Stocking the trophy cabinet

Britain’s rich store of status symbols is a key driver of foreign investment

Columns

This article is taken from the August-September 2023 issue of The Critic. To get the full magazine why not subscribe? Right now we’re offering five issues for just £10.


Far from being playthings of the rich, what are often disapprovingly called trophy assets are an important part of a country’s investment attractiveness. Most countries have some and Britain has more than most. To have these shiny baubles for sale, attracting foreign money in serious measure, is a potent aspect of success. 

When the term is used one often thinks of real estate. London, as an international rather than English city, is effectively the only UK destination for foreign money seeking a home in such assets. We are comfortably ahead of the capitals and cultured centres of Europe. Delightful as Paris, Rome and Vienna are, they are not serious places for finance or growing businesses, merely Disneylands for adults. 
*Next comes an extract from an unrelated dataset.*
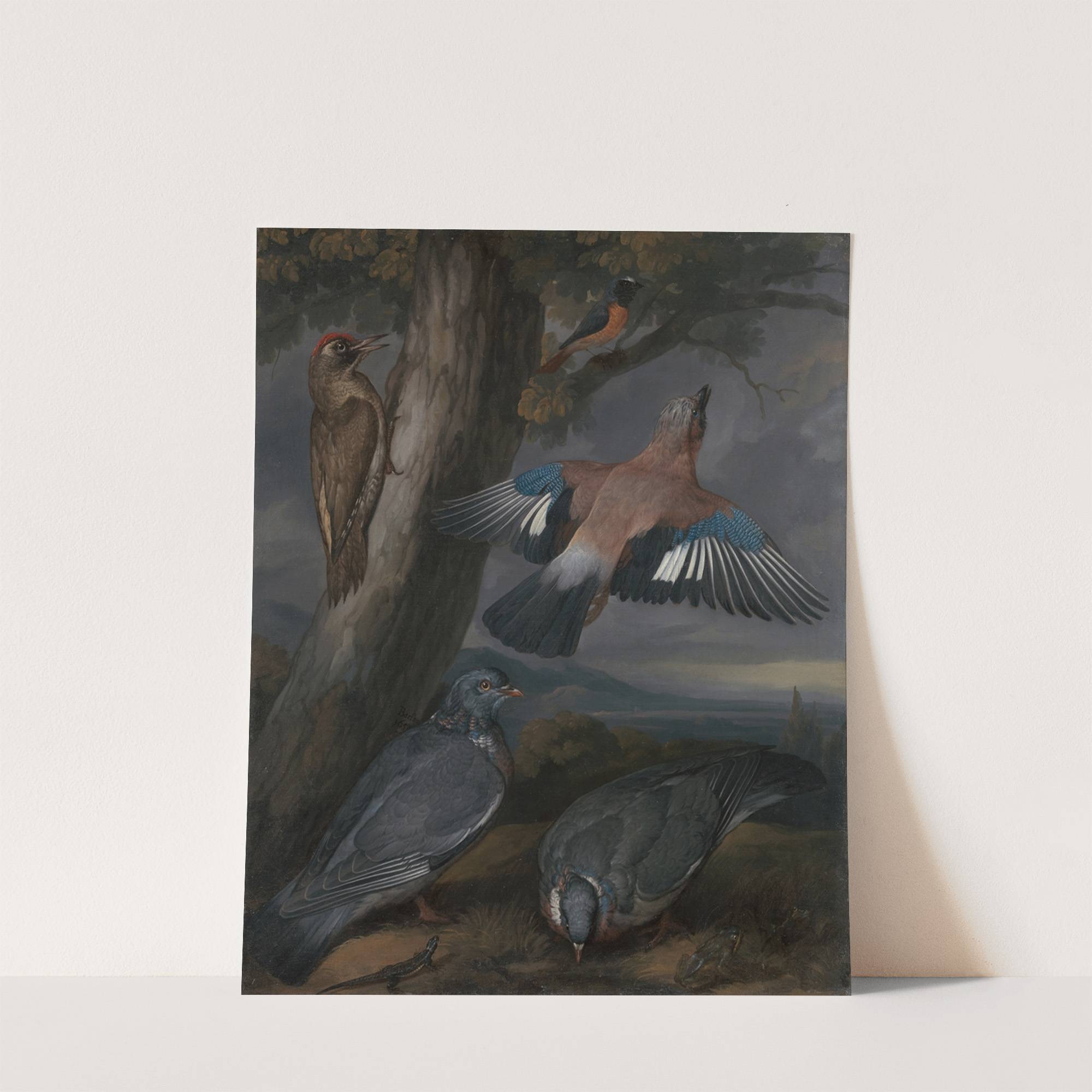 Jay, Green Woodpecker, Pigeons, and Redstart Landscape with a Green Woodpecker, a Jay, Two Pigeons, a Redstart, a Lizard and Two Frogs by Francis Barlow - Wall Art Print

Everyone from the Vatican to oligarchs, with every type of Arab and Asian between, has been attracted by the stability, rule of law and optimal time zone, and bought assets in London. That has remained so despite the benefits being mitigated by relatively high taxation and transaction costs, indifferent weather and left wingers sniping about where they would prefer other peoples’ money is spent. There is some dirty money coming here to be washed and made respectable by London’s service providers, but closing those opportunities should not diminish the attractiveness of our trophy assets because the underpinning characteristics remain. 

Everyone thinks they know what prime property is and subsequently what is a trophy asset, but prime is the most desirable property by standards of accommodation, location, tenant quality and lease terms. Super-prime is the top 5 per cent of prime within a given area. Those are trophy assets. They are not bought for the income yields, which will be small, but as status markers and safe havens, with the prospect of value growth. 

It is possible, of course, to make wrong choices even if the sales agent is experienced

It is possible, of course, to make wrong choices even if the sales agent is experienced. Before London’s values exploded in the 1980s, other UK assets were in vogue. I know of one family that bought a great Highlands estate in the early 1990s for what was then a price record for the most expensive UK property. A fine baronial pile with tartan liveried staff, two moors, woods for pheasants, both banks of a river to fish and even a distillery, it was, I thought, the most magnificent home and expression of money I could imagine. 

The estate lost money most years and, after 25 years or so of exemplary stewardship and continual investment and improvement, the inheriting generation put it up for sale. After two years and the rejection of only a couple of offers, the family sold it for less than half what their father had bought it for. Even the cash received would have had its power diminished by inflation. It is now some sort of expensive timeshare. 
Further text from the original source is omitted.